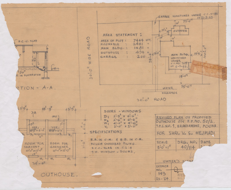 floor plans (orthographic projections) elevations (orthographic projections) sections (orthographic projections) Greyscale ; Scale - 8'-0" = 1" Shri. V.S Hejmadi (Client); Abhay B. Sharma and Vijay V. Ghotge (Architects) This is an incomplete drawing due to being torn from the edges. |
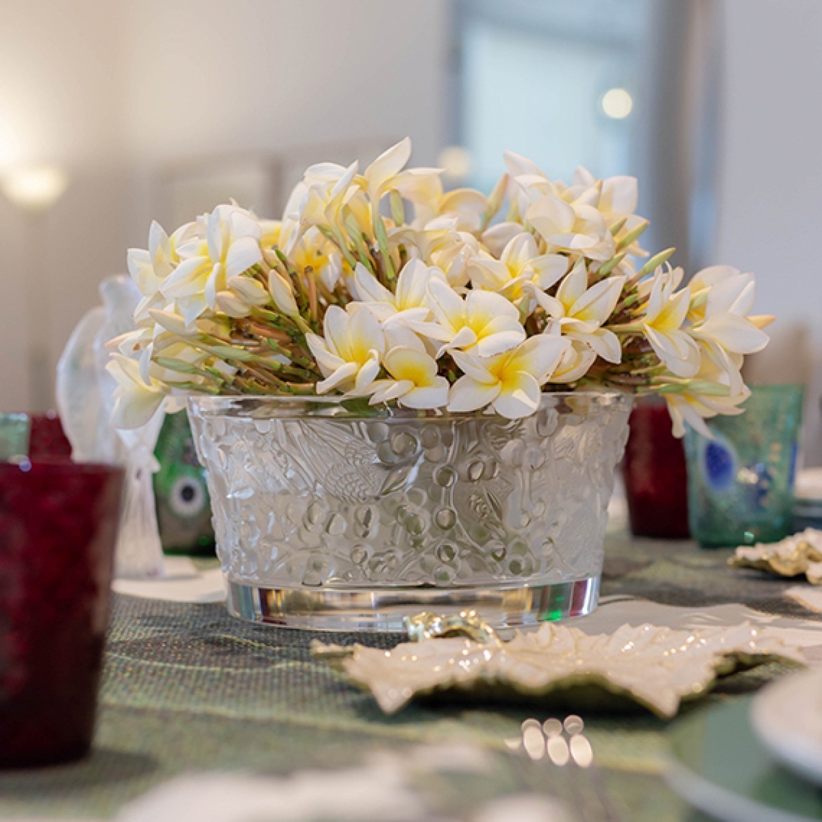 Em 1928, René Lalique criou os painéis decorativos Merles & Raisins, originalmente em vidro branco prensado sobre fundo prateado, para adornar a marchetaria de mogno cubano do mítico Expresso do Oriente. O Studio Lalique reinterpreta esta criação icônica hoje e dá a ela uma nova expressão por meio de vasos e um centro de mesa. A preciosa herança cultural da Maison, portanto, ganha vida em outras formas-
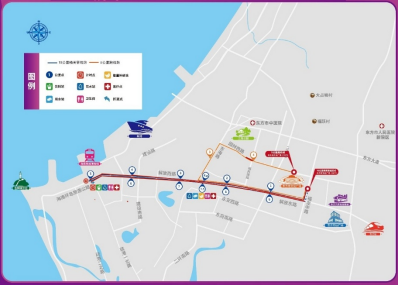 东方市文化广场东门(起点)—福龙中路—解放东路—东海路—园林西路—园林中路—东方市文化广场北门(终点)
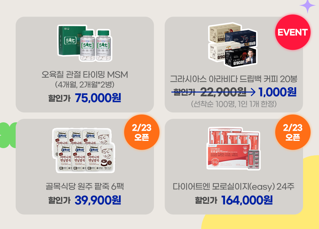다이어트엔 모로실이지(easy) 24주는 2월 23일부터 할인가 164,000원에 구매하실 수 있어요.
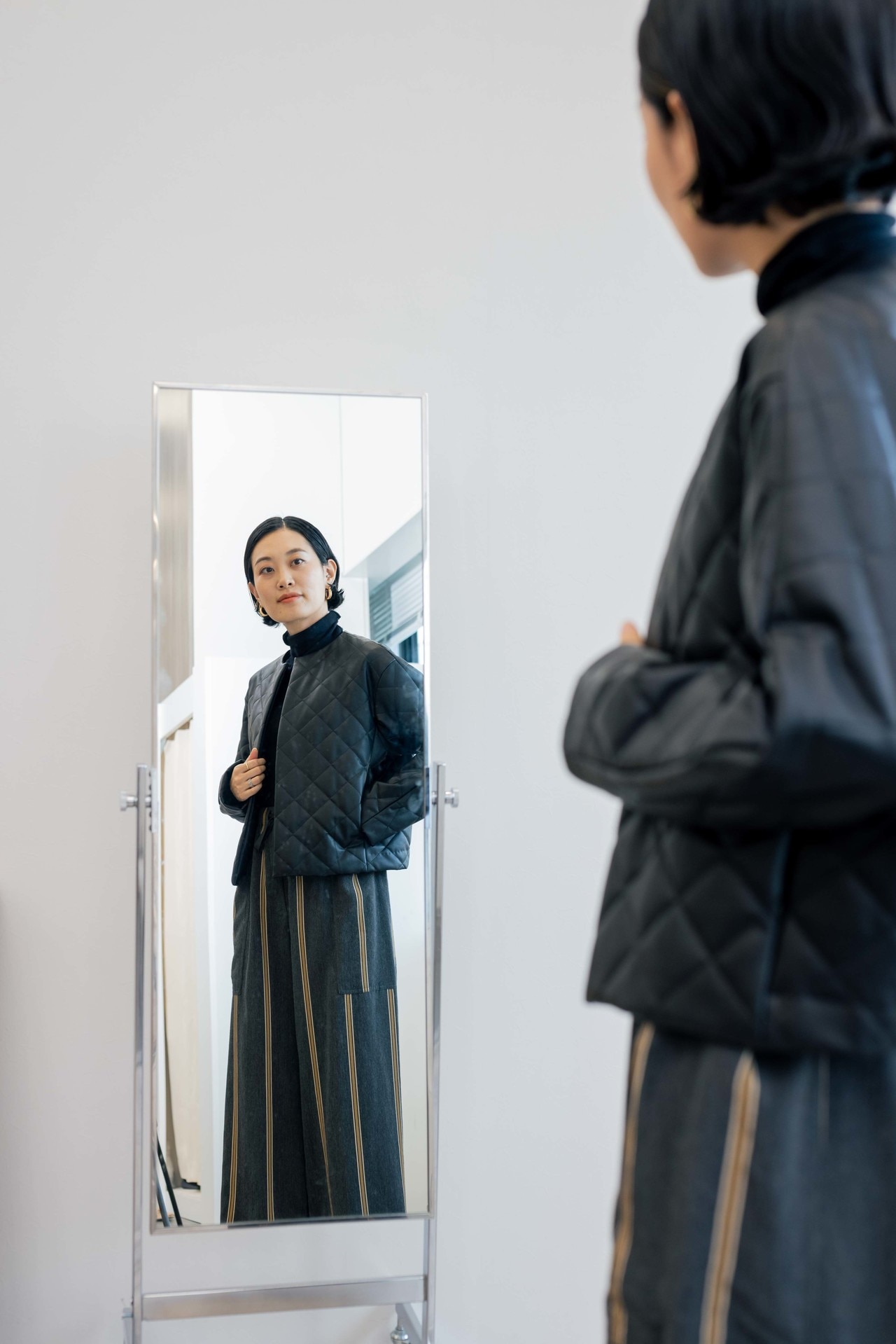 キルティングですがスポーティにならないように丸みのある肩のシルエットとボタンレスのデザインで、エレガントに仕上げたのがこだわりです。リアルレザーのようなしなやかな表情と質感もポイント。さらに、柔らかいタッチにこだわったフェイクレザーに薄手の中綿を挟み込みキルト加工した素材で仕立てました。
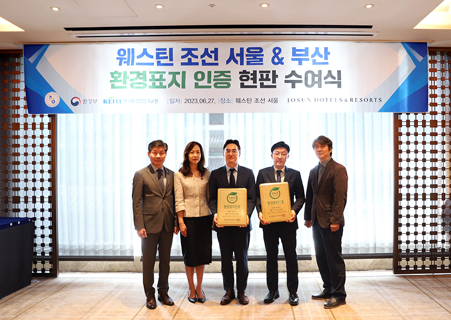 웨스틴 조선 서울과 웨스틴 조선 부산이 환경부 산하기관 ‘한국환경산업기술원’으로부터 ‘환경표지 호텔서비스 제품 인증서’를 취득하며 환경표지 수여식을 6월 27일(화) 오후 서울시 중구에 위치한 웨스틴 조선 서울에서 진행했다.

--

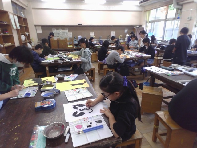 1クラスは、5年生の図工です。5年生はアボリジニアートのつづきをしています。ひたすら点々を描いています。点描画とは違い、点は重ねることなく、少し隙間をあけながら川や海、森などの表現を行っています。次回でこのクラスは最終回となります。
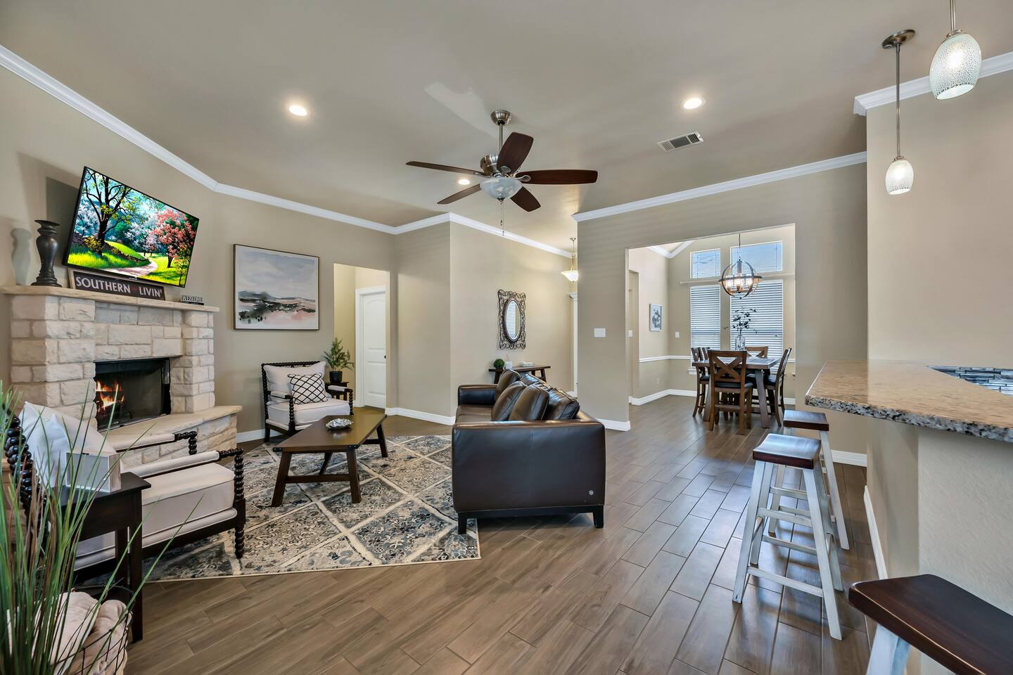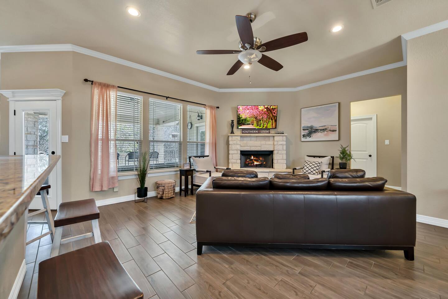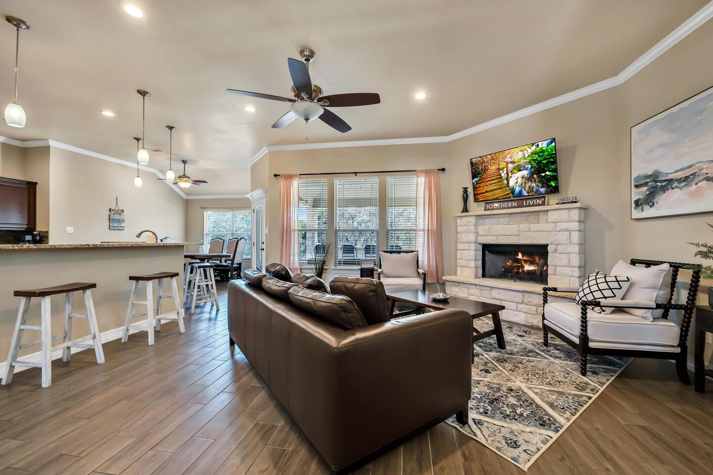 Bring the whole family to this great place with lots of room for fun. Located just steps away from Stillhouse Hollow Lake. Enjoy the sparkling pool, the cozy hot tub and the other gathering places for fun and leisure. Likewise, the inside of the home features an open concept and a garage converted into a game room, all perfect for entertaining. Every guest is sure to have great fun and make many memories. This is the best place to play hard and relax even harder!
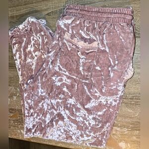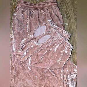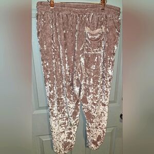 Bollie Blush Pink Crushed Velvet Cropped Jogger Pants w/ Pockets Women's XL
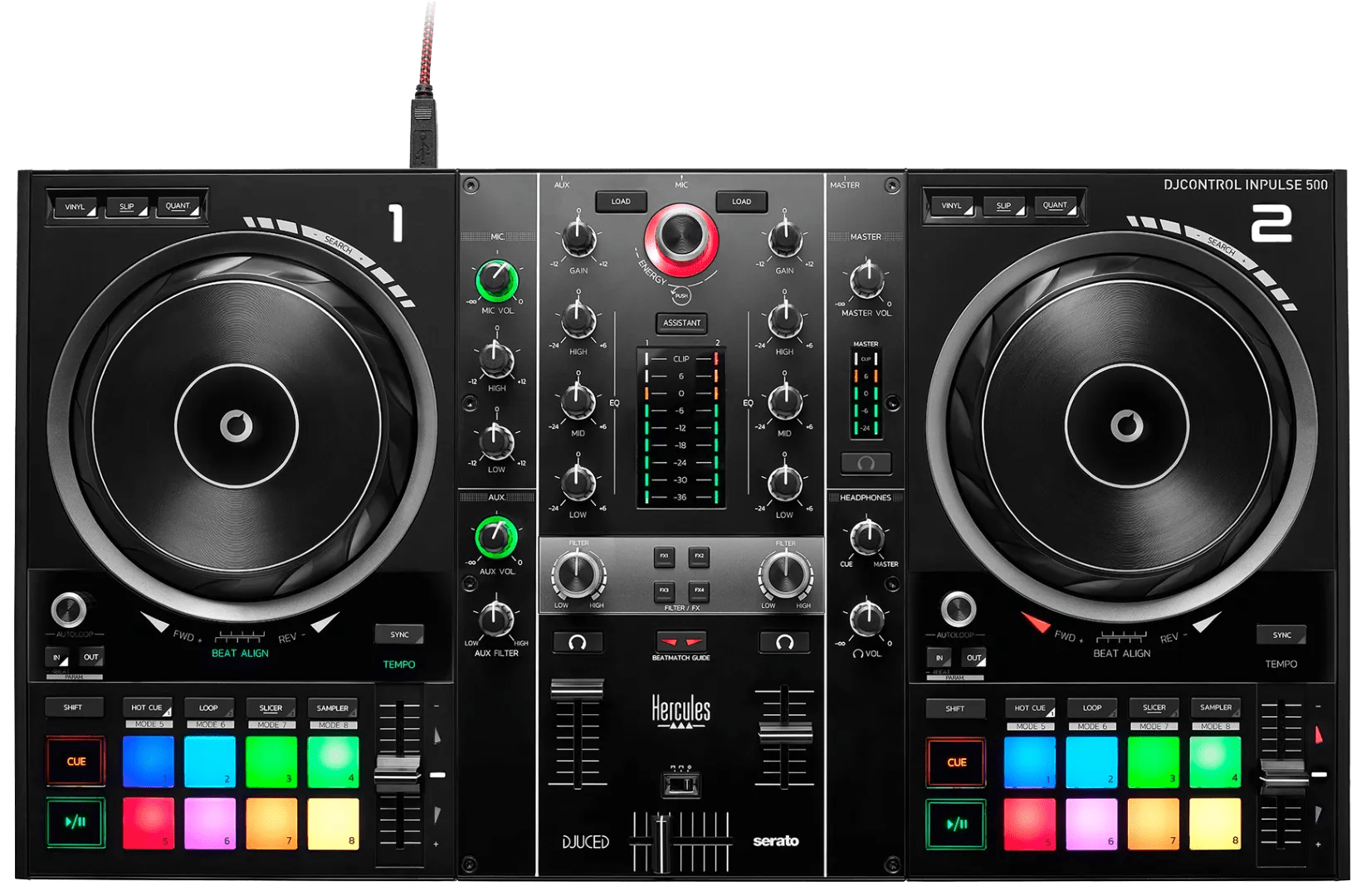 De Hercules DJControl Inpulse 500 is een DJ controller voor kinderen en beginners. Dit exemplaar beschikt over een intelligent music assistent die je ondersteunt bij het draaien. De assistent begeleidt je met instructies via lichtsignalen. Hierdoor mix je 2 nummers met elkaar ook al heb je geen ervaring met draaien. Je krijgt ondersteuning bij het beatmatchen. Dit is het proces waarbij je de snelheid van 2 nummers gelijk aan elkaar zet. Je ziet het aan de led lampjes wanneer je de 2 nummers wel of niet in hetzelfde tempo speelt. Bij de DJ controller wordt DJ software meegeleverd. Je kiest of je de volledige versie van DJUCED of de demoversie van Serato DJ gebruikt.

==

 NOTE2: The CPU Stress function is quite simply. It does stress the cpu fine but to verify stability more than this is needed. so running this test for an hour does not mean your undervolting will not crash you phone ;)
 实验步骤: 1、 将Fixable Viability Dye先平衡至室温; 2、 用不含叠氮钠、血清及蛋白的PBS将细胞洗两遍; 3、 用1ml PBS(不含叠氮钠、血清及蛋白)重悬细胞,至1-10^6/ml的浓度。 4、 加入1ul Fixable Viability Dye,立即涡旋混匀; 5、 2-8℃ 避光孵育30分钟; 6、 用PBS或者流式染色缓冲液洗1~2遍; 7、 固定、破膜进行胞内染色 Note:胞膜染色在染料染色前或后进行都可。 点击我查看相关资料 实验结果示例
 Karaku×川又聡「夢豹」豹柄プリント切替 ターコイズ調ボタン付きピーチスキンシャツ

▸ Task instructions: In the listing above, find the line with "Em 1928, René" and the line with "웨스틴 조선 서울과 웨스틴". Copy both of them and every line between, exactly, but not the pictures.

▸ Written solution:
 Em 1928, René Lalique criou os painéis decorativos Merles & Raisins, originalmente em vidro branco prensado sobre fundo prateado, para adornar a marchetaria de mogno cubano do mítico Expresso do Oriente. O Studio Lalique reinterpreta esta criação icônica hoje e dá a ela uma nova expressão por meio de vasos e um centro de mesa. A preciosa herança cultural da Maison, portanto, ganha vida em outras formas-
 东方市文化广场东门(起点)—福龙中路—解放东路—东海路—园林西路—园林中路—东方市文化广场北门(终点)
다이어트엔 모로실이지(easy) 24주는 2월 23일부터 할인가 164,000원에 구매하실 수 있어요.
 キルティングですがスポーティにならないように丸みのある肩のシルエットとボタンレスのデザインで、エレガントに仕上げたのがこだわりです。リアルレザーのようなしなやかな表情と質感もポイント。さらに、柔らかいタッチにこだわったフェイクレザーに薄手の中綿を挟み込みキルト加工した素材で仕立てました。
 웨스틴 조선 서울과 웨스틴 조선 부산이 환경부 산하기관 ‘한국환경산업기술원’으로부터 ‘환경표지 호텔서비스 제품 인증서’를 취득하며 환경표지 수여식을 6월 27일(화) 오후 서울시 중구에 위치한 웨스틴 조선 서울에서 진행했다.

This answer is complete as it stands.